Work to be completed:
Reproduce word for word the line holding "habitación en suite" and all lines after it in the data, through the end, leaving out pictures.

Material for the task:
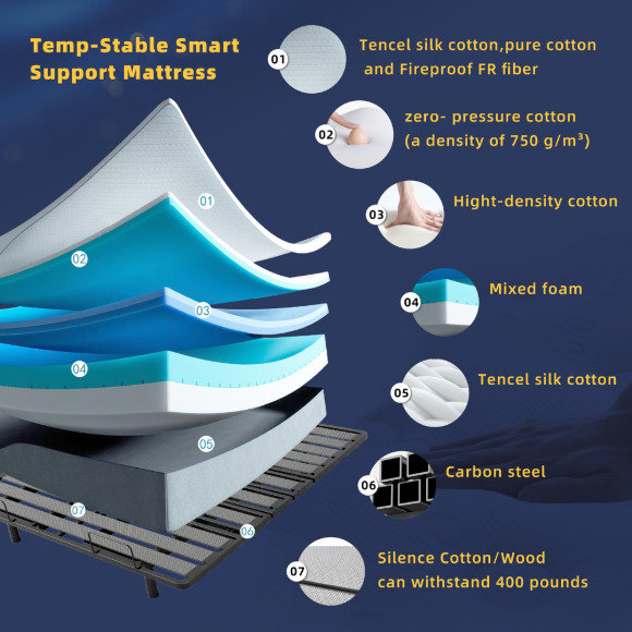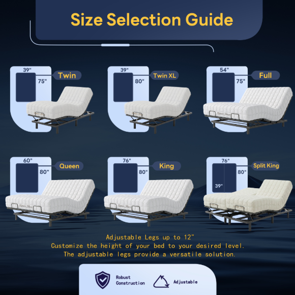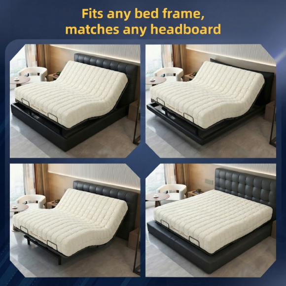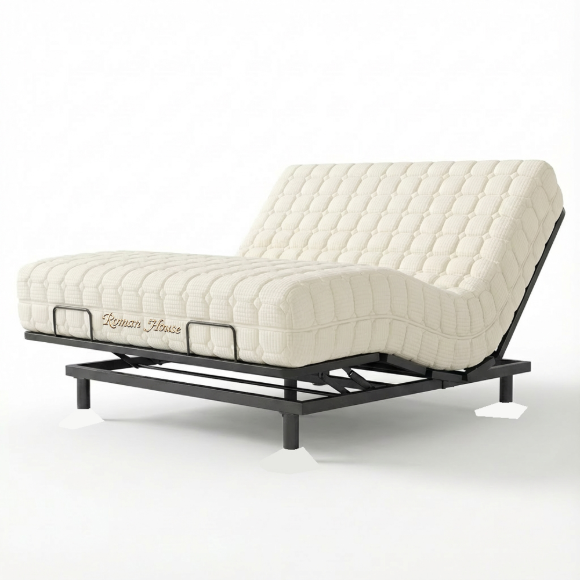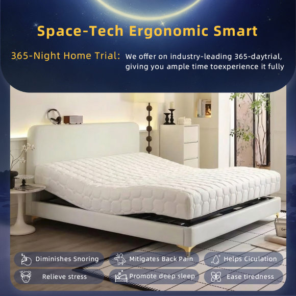 4. 材质配置:智能底座采用不锈钢材质,搭载双OKIN电机确保升降顺滑静音。搭配透气凝胶涂层零压棉与天丝面料床垫,提升空气流通性,保持整夜干爽清凉。可调节床架最大承重达800磅,保障彻夜舒适安眠。
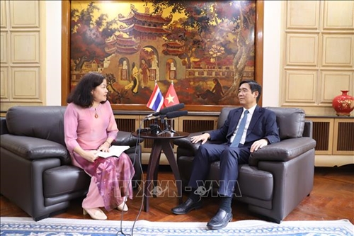 ທ່ານ ຟ້າມຫວຽດຮຸ່ງ ເອກອັກຄະລັດຖະທູດຫວຽດນາມ ປະຈຳ ໄທ (ເບື້ອງຂວາ) ຕອບສໍາພາດຕໍ່ນັກຂ່າວສໍານັກຂ່າວສານຫວຽດນາມ ປະຈໍາ ໄທ. ພາບ: ສໍານັກຂ່າວສານຫວຽດນາມ |
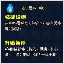 幸运吞噬:在100%吞噬蓝火经验时,会有额外神火奖励。(注:随机奖励1个1级绿火或1级蓝火)
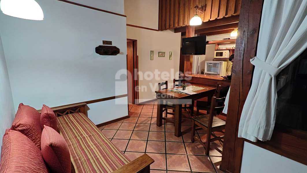 🔸Modulo 2: 4 departamentos ubicados al ingreso del complejo, frente al estacionamiento principal . Vistas al cerro López. Acceso por escalera ya que su ingreso presenta un deck de madera. Dos monoambientes (para tres / cuatro personas) con cocina integrada y baño amplio con bañera. Dos tres ambientes para cuatro personas: cocina comedor, dos dormitorios, baño con bañera. Uno de ellos tiene habitación en suite
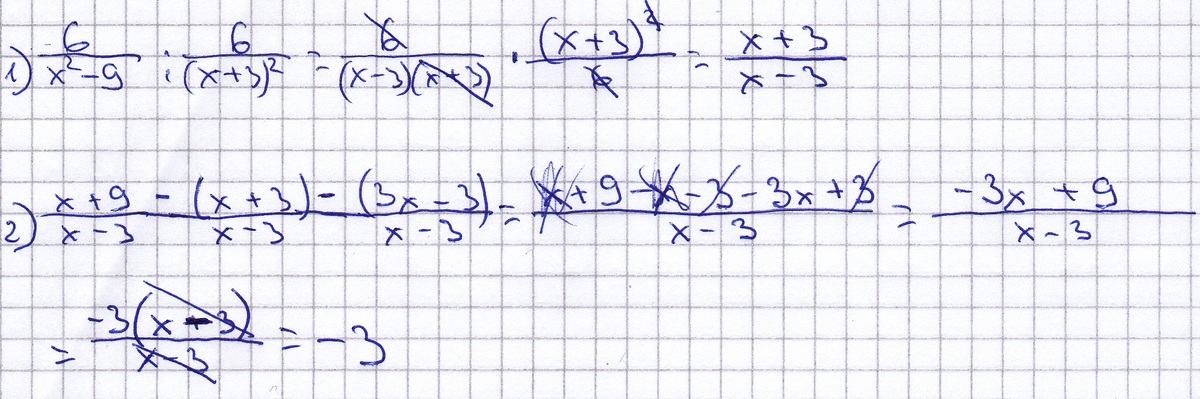 x+9 - 6 ÷ 6 - 3x-3 = x+9-x-3-3x+3 = 9-3x = -3(x-3) = -3
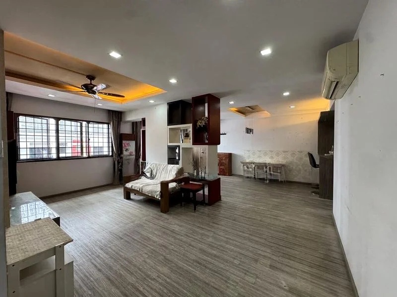 The thoughtful layout features a spacious living area with a false ceiling and recessed lighting, perfect for entertaining. The living room boasts a floral upholstery sofa, complemented by a large wooden display cabinet. Each bedroom is equipped with ceiling fans and air-conditioning for comfort, while the study provides a quiet nook for work or reading. The bathroom showcases white tiled walls and practical corner shelving, ensuring functionality meets style.
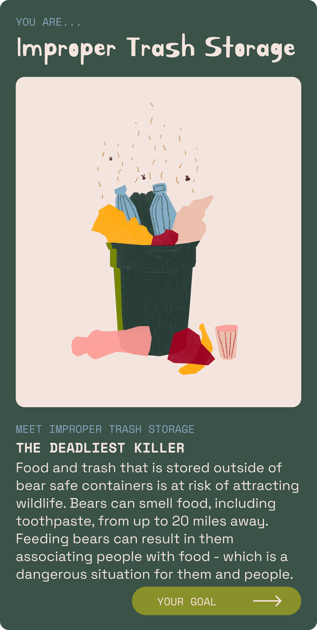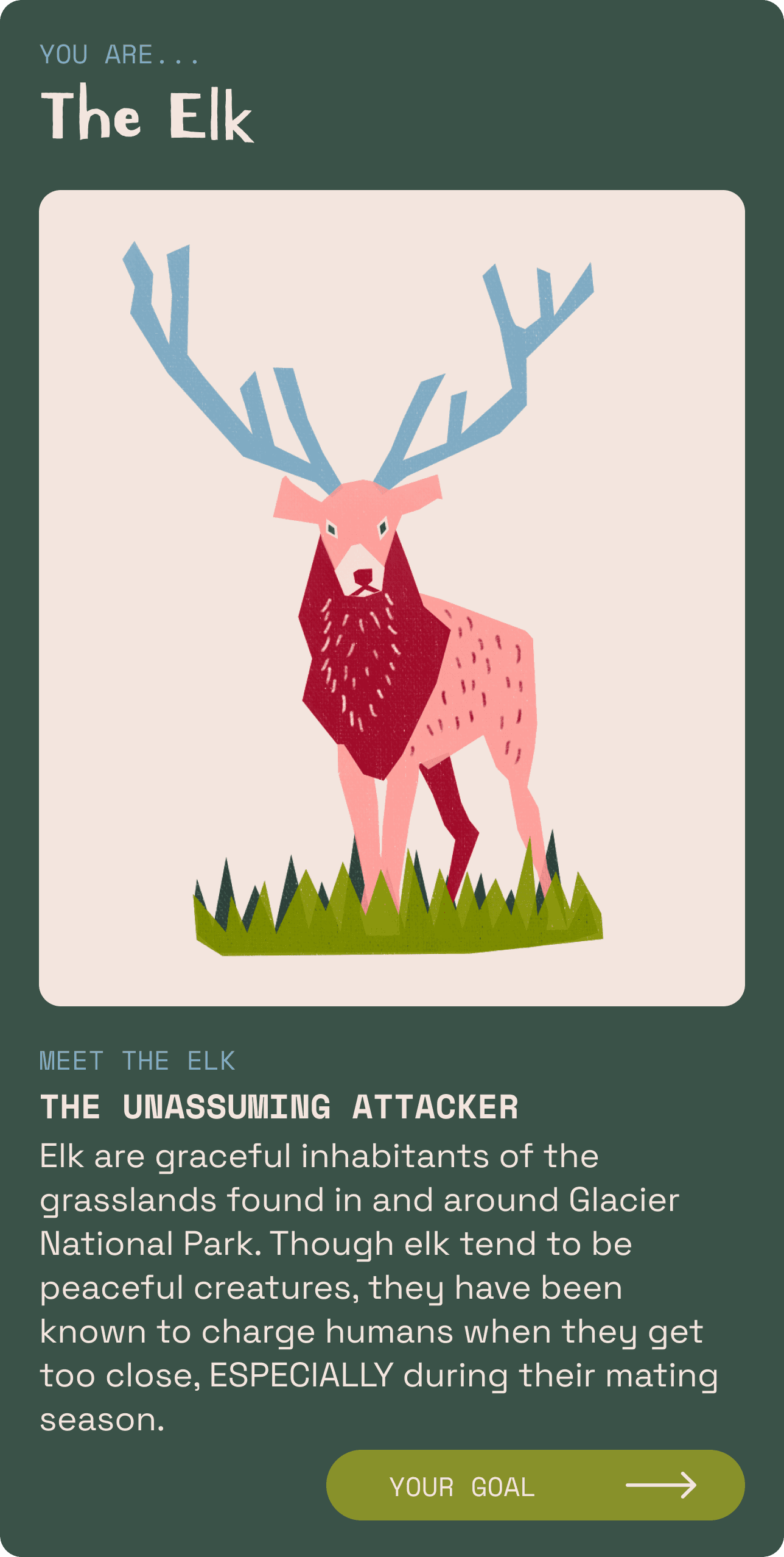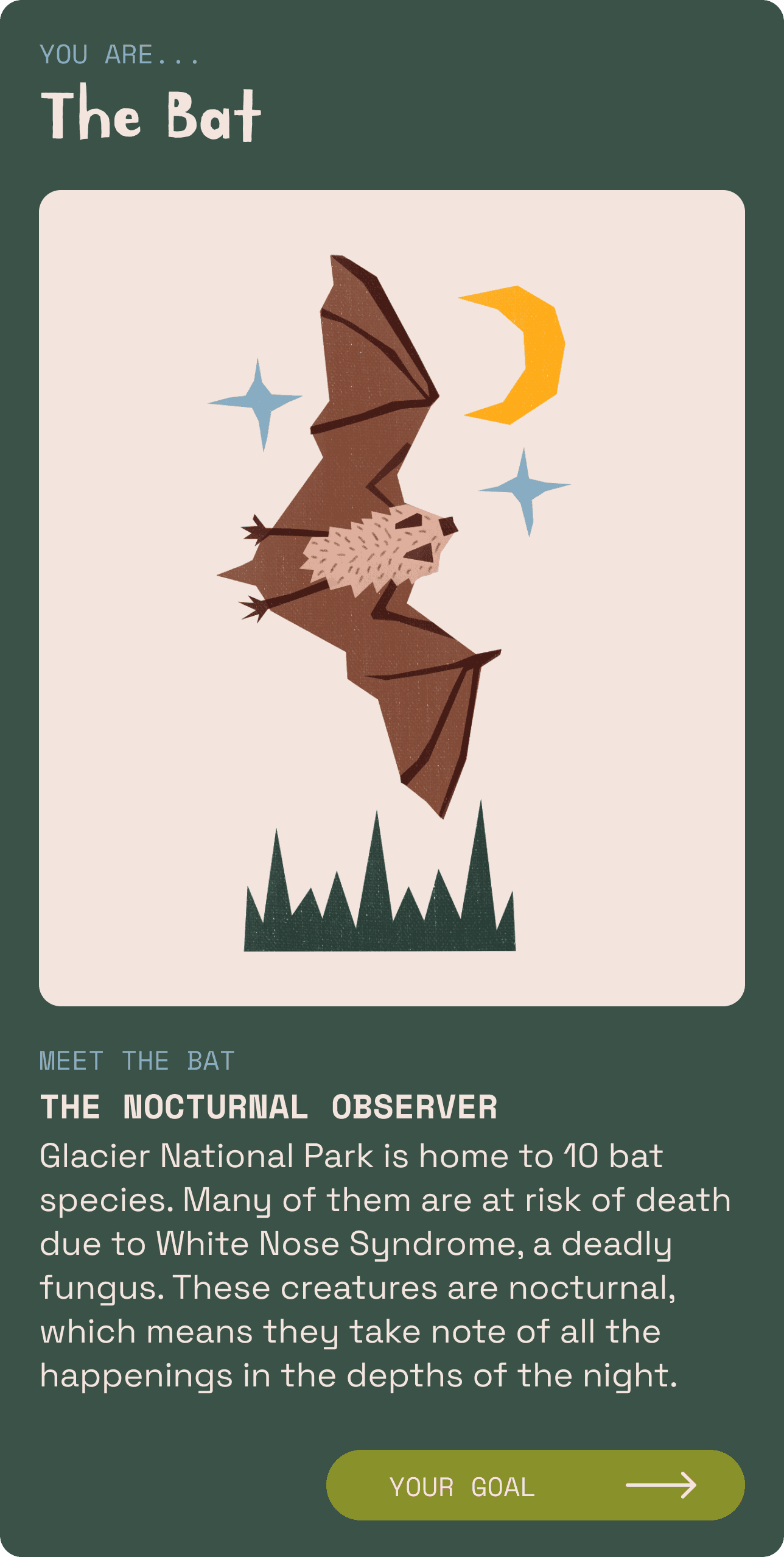One of National Parks After Dark’s goals is to ensure the safety of park visitors and preserve the National Parks. The app should have educational elements that stay with the audience, even when they aren’t playing.

Worked solution:
 🔸Modulo 2: 4 departamentos ubicados al ingreso del complejo, frente al estacionamiento principal . Vistas al cerro López. Acceso por escalera ya que su ingreso presenta un deck de madera. Dos monoambientes (para tres / cuatro personas) con cocina integrada y baño amplio con bañera. Dos tres ambientes para cuatro personas: cocina comedor, dos dormitorios, baño con bañera. Uno de ellos tiene habitación en suite
 x+9 - 6 ÷ 6 - 3x-3 = x+9-x-3-3x+3 = 9-3x = -3(x-3) = -3
 The thoughtful layout features a spacious living area with a false ceiling and recessed lighting, perfect for entertaining. The living room boasts a floral upholstery sofa, complemented by a large wooden display cabinet. Each bedroom is equipped with ceiling fans and air-conditioning for comfort, while the study provides a quiet nook for work or reading. The bathroom showcases white tiled walls and practical corner shelving, ensuring functionality meets style.
One of National Parks After Dark’s goals is to ensure the safety of park visitors and preserve the National Parks. The app should have educational elements that stay with the audience, even when they aren’t playing.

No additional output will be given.